La correlación de fuerzas a escala del subcontinente, permitía avizorar a comienzos del año 2003, las posibilidades de un cambio de rumbo. Hacia el fin del primer trimestre del 2004, esas expectativas se han evaporado y el gobierno venezolano vuelve a quedar aislado (junto a Cuba) en su solitaria lucha por desprenderse de un modelo que ha destruido las sociedades y ha puesto de rodillas a los países ante los organismos financieros internacionales. Se trata, sin lugar a dudas, de una oportunidad perdida que no volverá a repetirse en mucho tiempo.

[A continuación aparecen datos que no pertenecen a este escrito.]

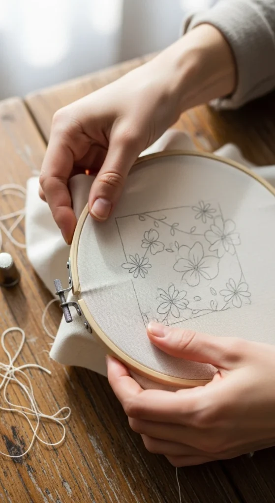 A good setup makes embroidery much less frustrating. If your fabric is loose, your stitches may pucker or look uneven.

No sería oportuno achacar a tantos grupos y partidos en el gobierno (algunos de los cuales como el PT de Brasil, tienen una larga historia de luchas), el haber traicionado las causas populares. Hay casos de oportunistas, como Gutiérrez, pero no es ésa la pauta de todos los casos reseñados, y no lo es en absoluto de presidentes como Lula y Kirchner. ¿Qué ha fallado? ¿Porqué la ruptura con el neoliberalismo se muestra tan esquiva? La respuesta, es que a nadie le agrada conducir una barca hacia zonas de alto riesgo, y todos procuran evitarlo. O sea, que la salida del neoliberalismo no puede procesarse sin una profunda crisis social, política, cultural y económica. No sólo por las razones externas esperables (el inevitable acoso imperial), sino por los cambios habidos en nuestras sociedades en las dos últimas décadas.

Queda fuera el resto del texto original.